O nosso pecado foi superiorizar as identidades omnipresentes, fechando nossos egos dentro de fronteiras físicas e mentais, na ambição de atribui-las uma auto-suficiência inexistente.

Esquecemo-nos, no entanto, que as fronteiras e a cultura são elementos dinâmicos e a única verdade é que nós (seres humanos) somos apenas parte da natureza.
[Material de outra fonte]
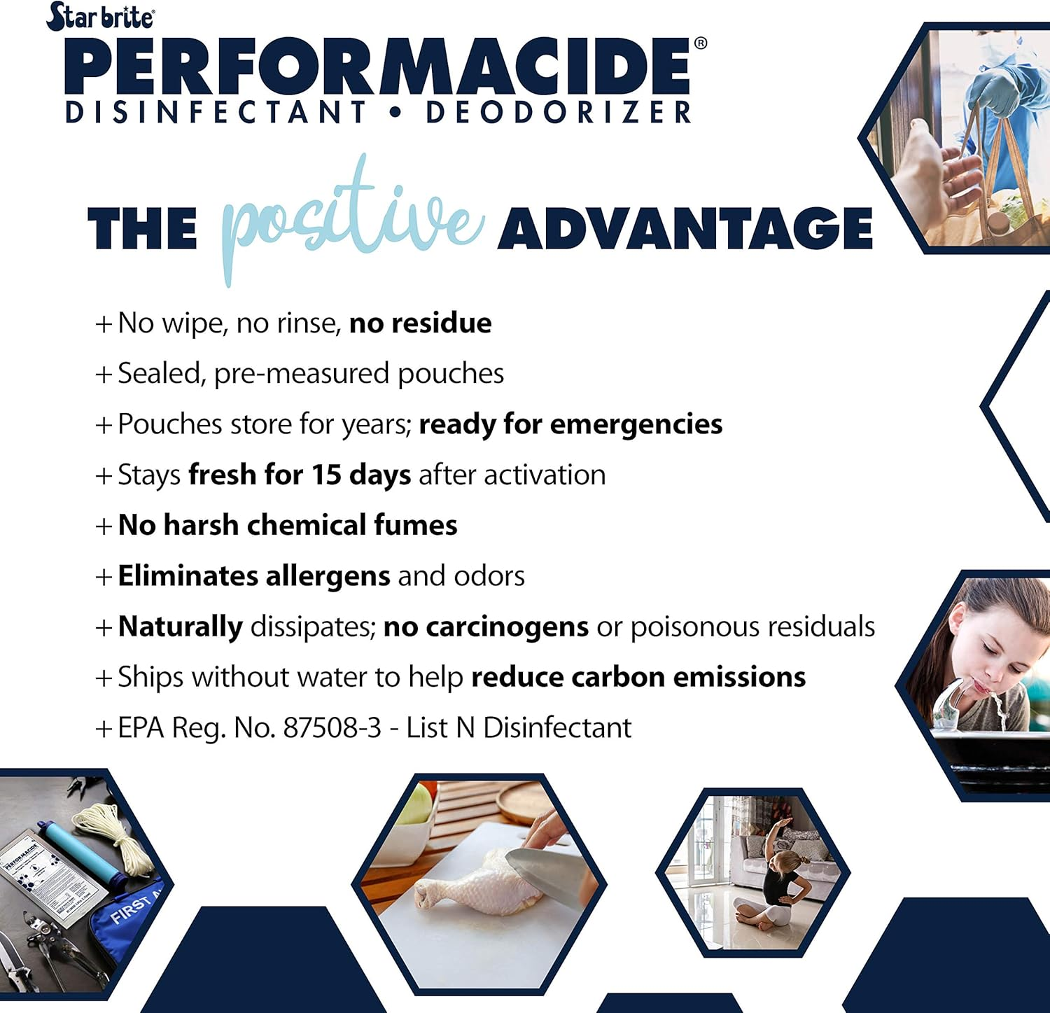 STAR BRITE PERFORMACIDE Disinfectant - Kills COVID-19 Virus in 30 Seconds - No Rinse, No Wipe, No Residue - Just Add Water - Gallon Kit with 3 Refill Pouches & Sprayer (102000)

Ou seja, somos nada mais do que uma ínfima espécie sob risco de extinção no meio de um universo gigantesco.

As atrocidades que marcam a pós-modernidade, ameaçando a nossa espécie, encontram seu fundamento nesta patologia, que impossibilita as pessoas de realmente ver e aceitar o Outro e dissemina uma visão etnocêntrica com consequências alarmantes.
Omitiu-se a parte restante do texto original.